Sex Differences in Chronic Stress Effects on the PVT and HPA Axis
The majority of studies examining the role of chronic stress on PVT and HPA axis activation occur in male Sprague–Dawley rats (Bhatnagar and Dallman, 1998; Sica et al., 2000; Bhatnagar et al., 2002, 2003; Bhatnagar and Vining, 2003; Lui et al., 2012; Gray et al., 2014). It is therefore unclear how these findings of the effects of homotypic and heterotypic stress paradigms on the PVT and HPA axis can be extended to females, as well as to other species and strains. Here we summarize what is known about the chronic stress impact on the PVT and HPA axis in females and how they compare to findings in males.
Chronic Stress in Adulthood
Sex differences in the HPA axis response to acute and chronic stress have been well established in the literature and reviewed by others (Goel et al., 2011; Bangasser and Valentino, 2014; Green and McCormick, 2016), but the role of the PVT in the sex-specific consequences of stress is less clear. Male rats exposed to chronic defeat and then heterotypic restraint exhibit facilitation of their HPA response to the acute restraint compared to non-stressed controls (Bhatnagar and Vining, 2003). However, adult female rats exposed to a similar paradigm do not exhibit differences in the CORT response following exposure to an acute restraint stressor compared to those without a history of chronic stress, though they do have blunted ACTH at baseline (Ver Hoeve et al., 2013). These studies suggest that chronic stress has a sex-dependent effect on future HPA activity that may be related to more robust stress-induced adaptations in the PVT of males than females, at least for heterotypic stress. Furthermore, one group shows that exposure to a homotypic restraint paradigm results in more robust habituation of the HPA axis response in males than in females (Bhatnagar et al., 2005), suggesting that females may not as readily adapt to repeated stress exposure; however, sex differences in HPA axis habituation across studies do not always show this exact pattern, as previously reviewed (Heck and Handa, 2019).

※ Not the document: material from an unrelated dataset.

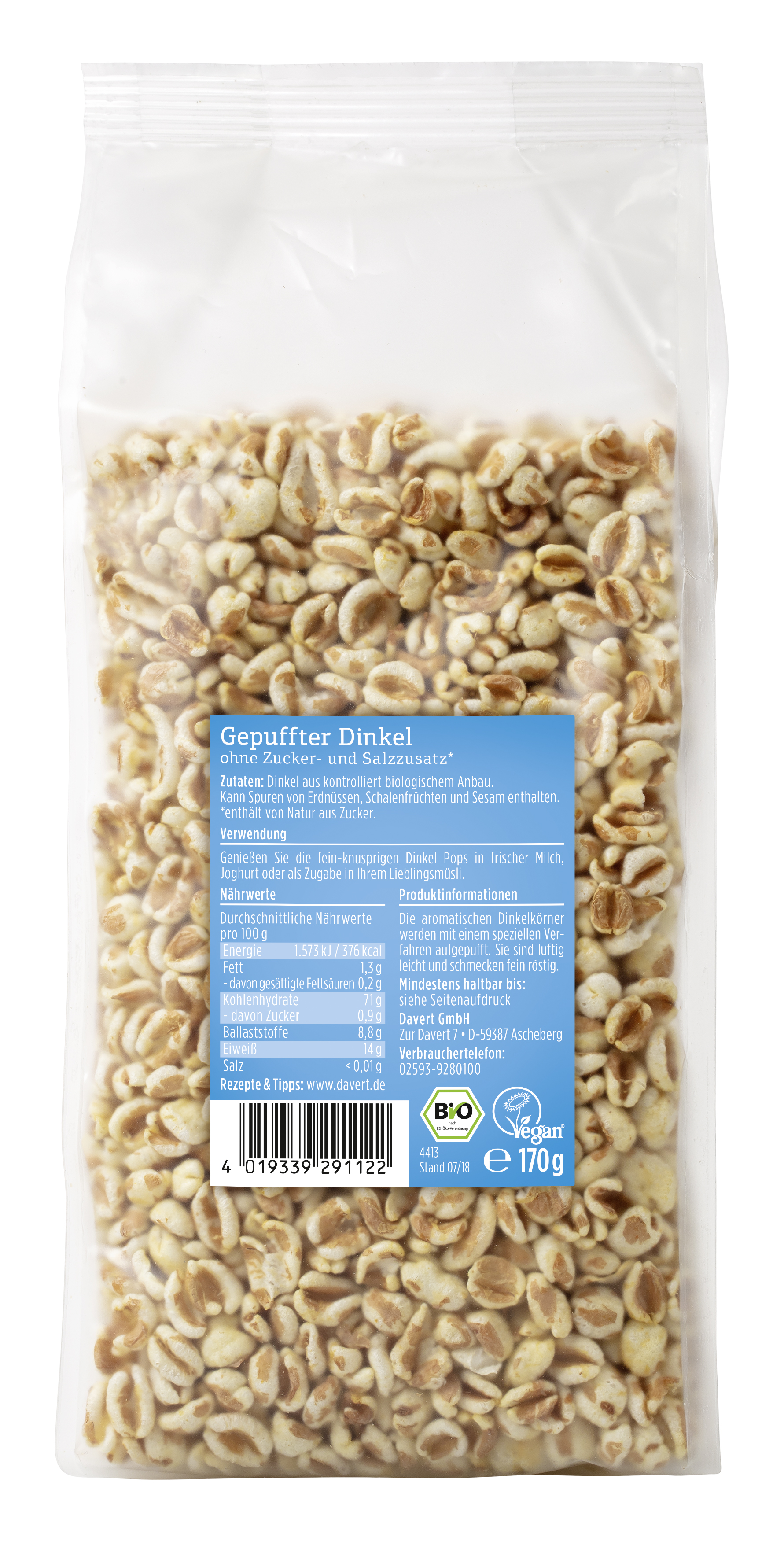 Die aromatischen Dinkelkörner werden mit einem speziellen Verfahren aufgepufft. Sie sind luftig leicht und schmecken fein röstig.

Activation of the PVT in chronic stress paradigms may also differ between males and females. The c-Fos expression is increased in the PVT of female mice following exposure to an acute stressor (Mantella et al., 2004), as has been shown in males. However, while male rats with a history of chronic stress exposure subsequently exposed to a heterotypic stressor (chronic cold exposure followed by acute restraint) exhibit increased PVT c-Fos expression compared to controls that were not chronically stressed (Bhatnagar and Dallman, 1998), female rats exposed to a heterotypic stressor (social defeat followed by restraint) do not exhibit different acute stress-induced PVT activation compared to non-stressed control rats (Ver Hoeve et al., 2013). Whether this difference is due to a sex difference or due to the use of a chronic defeat paradigm is unclear, but males in a different study exposed to a chronic variable stress paradigm exhibit reduced c-Fos expression in the anterior and whole PVT following novel stressor exposure compared to stress-naïve controls (Radley and Sawchenko, 2015). These data suggest that plasticity within the PVT following chronic stress exposure may differ in males and females. As the PVT is involved in both regulating motivated behavior and the HPA axis, differences in PVT plasticity could manifest in sex-specific vulnerability to chronic stress-induced disruptions in motivated behavior, perhaps more robustly in males.

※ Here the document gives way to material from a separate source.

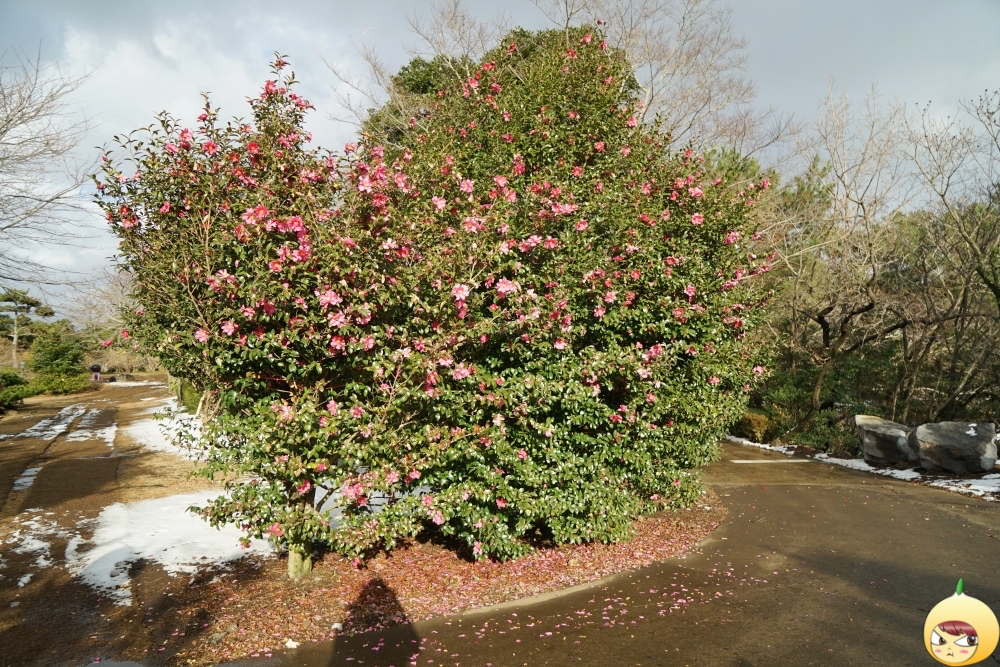 카멜리아힐에는 80개국의 동백나무 500여 품종이 있으면, 약 600여 그루의 나무가 있단다. 요맘때 피는 동백은 애기동백이라고 불리는 외래종으로 꽃이 통째로 떨어지는 토종동백과 달리 꽃잎이 낱장으로 떨어진다.

Chronic Stress During Development
Research from developmental stress models suggests that stress affects the activation of the PVT from an early age and that the female PVT may be more sensitive to developmental stress than the male PVT, though the evidence is limited. pPVT activity is observed in newborn rat pups (Gibbs et al., 1990), suggesting a developmental role of pPVT activity that could be disrupted with early life stress exposure. One study examining early life conditions found that female rats raised in large litters with reduced access to food and maternal care compared to those raised in smaller litters exhibited higher anxiety-like behavior in adulthood and reduced PVT activation in response to acute stress, suggesting a heterotypic-like stress effect on the female PVT (Spencer and Tilbrook, 2009). On the other hand, males in this same study did not exhibit differences in acute stress-induced PVT activation (Spencer and Tilbrook, 2009), suggesting that females are more susceptible to early life stress. Another study showed that adolescent male Sprague–Dawley rats exposed to chronic stress followed by a heterotypic or homotypic stressor show similar pPVT c-Fos expression in response to the acute stressors as a cohort of males that underwent the same paradigm in adulthood (Lui et al., 2012). These data suggest that the effects of chronic stress on the male PVT and its response to acute stressors are fairly stable across development, while female responses are more sensitive to the developmental stage.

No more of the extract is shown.